They are paid to entertain us. Humans put great value on being entertained......it helps make life livable


----------



## Decus

Actors are nothing more than storytellers that use their voice and body to simulate or imitate a facet of the story. Most actors never write or direct the stories they tell. They are nothing more than entertainers, and far too often are grossly overpaid for what they do.

3D animation is increasingly realistic and could in the near future replace the need for overpaid actors.

.


----------



## Skull Pilot

Decus said:


> Actors are nothing more than storytellers that use their voice and body to simulate or imitate a facet of the story. Most actors never write or direct the stories they tell. They are nothing more than entertainers, and far too often are grossly overpaid for what they do.
> 
> 3D animation is increasingly realistic and could in the near future replace the need for overpaid actors.
> 
> .


I love that idea then we wouldn't have to listen to self important actors spewing their bullshit on any subject


----------



## JoeMoma

To many people, actors are interesting or perhaps entertaining.  Also, since many people watch many of the same movies and TV shows, they give us a common connection.  Lots of people wish they could live the lifestyle of many of these rich, successful and famous people (even though many of these actors live miserable lives).

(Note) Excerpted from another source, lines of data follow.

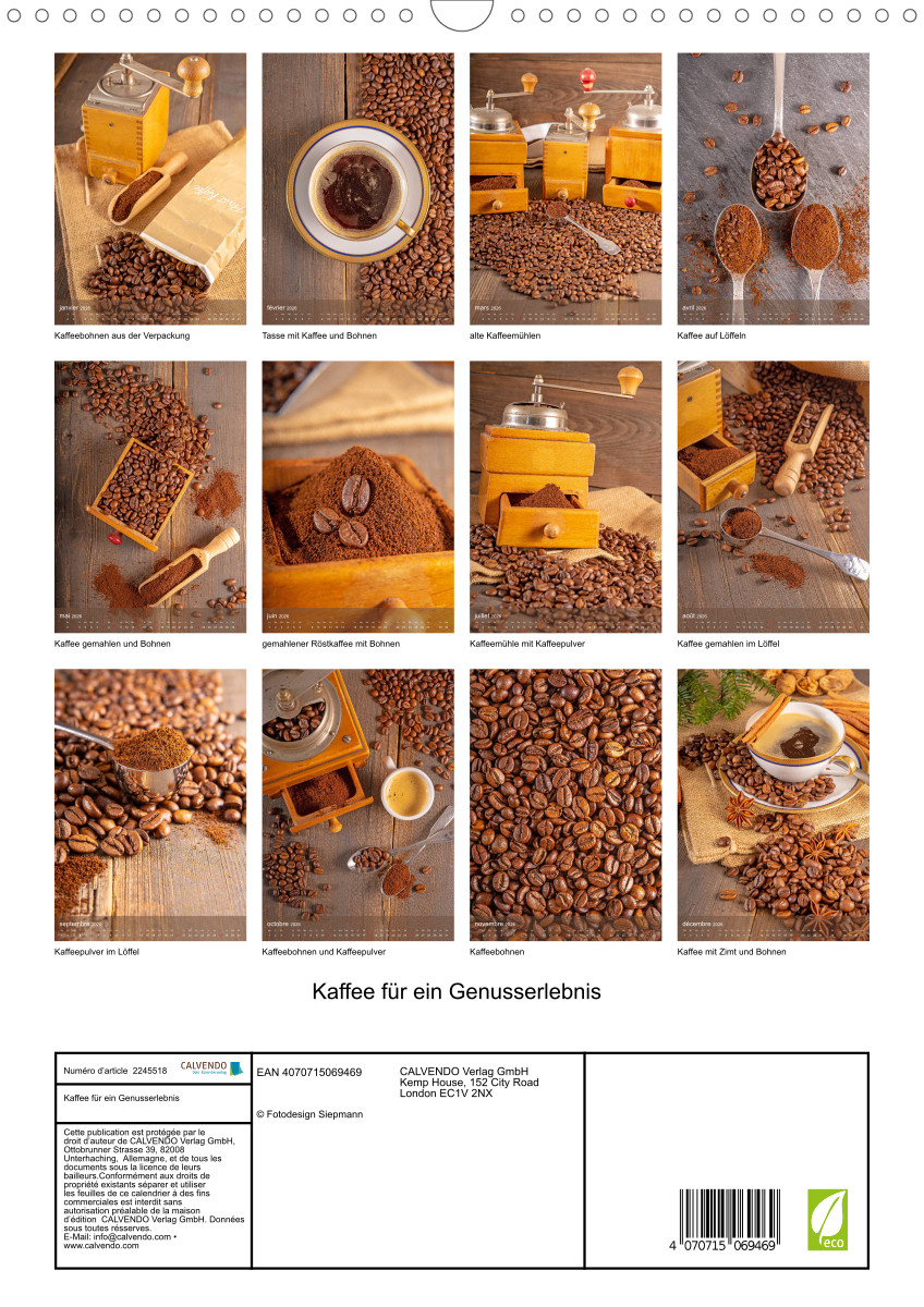 Kaffee ist ein schwarzes, koffeinhaltiges Getränk, das aus gerösteten und gemahlenen Kaffeebohnen und heißem Wasser zubereitet wird. Kaffee kann sich positiv auf Ihre Gesundheit auswirken. Der tägliche Genuss von Kaffee kann den Stoffwechsel anregen und kann Ihnen beim Abnehmen helfen. „Dieser qualitativ hochwertige Kalender gehört zur exklusiven CALVENDO Gold-Edition.“
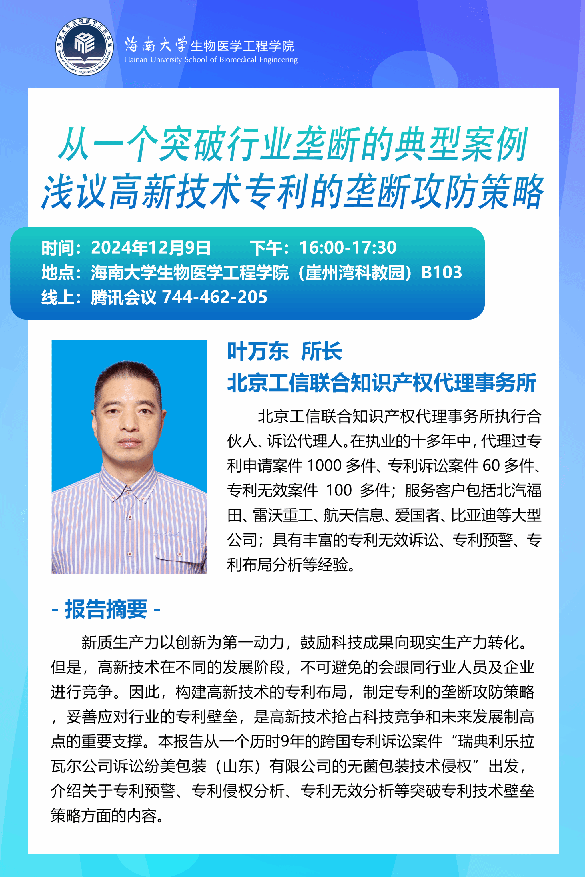 学术讲座预告|从一个突破行业垄断的典型案例浅议高新技术专利的垄断攻防策略
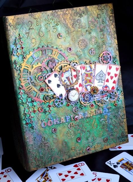Первая охххх огромная работа, была проделана, заказная. Сделана в стиле микс медиа книга-шкатулка. Использовала деревянную заготовку размером 30х9х20см , грунтовала, красила, наклеивала разные чипборды , накладывала пасту через трафарет опять красила, использовала спреи и патину. Больше намучилась с декором, так как надo была сделать работу в подарок игроку в покер. Нашла пластиковые карты, так как бумажные размокали, остальные детальки уже добавляла чтоб создать общую компoзитцию.

I agree and have often thought the same thing that actors are no better than anyone else.


----------



## rightwinger

Decus said:


> Actors are nothing more than storytellers that use their voice and body to simulate or imitate a facet of the story. Most actors never write or direct the stories they tell. They are nothing more than entertainers, and far too often are grossly overpaid for what they do.
> 
> 3D animation is increasingly realistic and could in the near future replace the need for overpaid actors.
> 
> .



Does the animator become "the actor"?


----------



## Skull Pilot

rightwinger said:


> Decus said:
> 
> 
> 
> Actors are nothing more than storytellers that use their voice and body to simulate or imitate a facet of the story. Most actors never write or direct the stories they tell. They are nothing more than entertainers, and far too often are grossly overpaid for what they do.
> 
> 3D animation is increasingly realistic and could in the near future replace the need for overpaid actors.
> 
> .
> 
> 
> 
> 
> Does the animator become "the actor"?
Click to expand...


No the voice over guy does but he will be faceless and nameless and his animated avatar can be erased or simply voiced by another person


----------



## candycorn

DGS49 said:


> Maybe it's just me, but I am really nauseated by the fame, adulation, and even respect that our society gives to ACTORS.
> 
> We have scores of programs in which hosts and "reporters" breathlessly report on the words, doings, and rumors about one actor or another, as though these people mattered more than, say, the plumber you call when your toilet is blocked.
> 
> They don't.
> 
> An actor, by definition, is someone who pretends to be a (usually) fictitious person.  The fictitious person and their words are created by someone else, and the actor either memorizes or reads them for the audience.  The good ones do so in a way that is" believable."  But even this is largely nonsense.  Real people don't emote in the same way as actors, whose fake feelings are exaggerated for effect.
> 
> In most cases, the actor is only one of a large number of people who, together, create a spectacle that the audience finds appealing.  There are directors who coach the actors, make-up artists who make them look believable, costume and set designers, musicians...the list goes on and on.  Take away these other people and what do you have? Someone pretending to be someone else.
> 
> Big deal.
> 
> To the extent that I see, read, or hear actors speaking for themselves, most of them have very little of value to say.  Often, they are nowhere near as intelligent or insightful as the people they portray, and - truth be known - their real-life experience and education are sorely lacking.  Thus, their pronouncements on anything other than the stuff they work in, day and day out, is relatively worthless.
> 
> The more successful they are, the more likely they are worthless sots, immersed in drugs, drink, and promiscuous sex.  Their couplings and pairings - noted studiously by the Press - are an absurdity.  Tom Cruise' next wife will probably be attending her Senior Prom in high school next year.
> 
> Did you really want to know who they were voting for earlier this year?
> 
> Why?
> 
> Anyway...just venting.  I saw a program from the Kennedy Center the other night on television, where Al Pacino was figuratively canonized.
> 
> I don't get it.



I’ll take issue with you on this.  

First I’ll agree with you.  Their opinions are just the same as ours.  And their value is outsized by the media.  But, one has to remember that the media only reports what they think the public wants.  I say it—nobody cares.  Chloe Kardashin says it—the media thinks people care based on previous experiences from the ratings of her TV show to the click rate on news stories about Chloe.  
When you’re no longer famous, the value plummets.  I doubt anyone would care much about what Carol Channing says….if you know who that is; or Jarrod Emick or Kristy McNichol for that matter.  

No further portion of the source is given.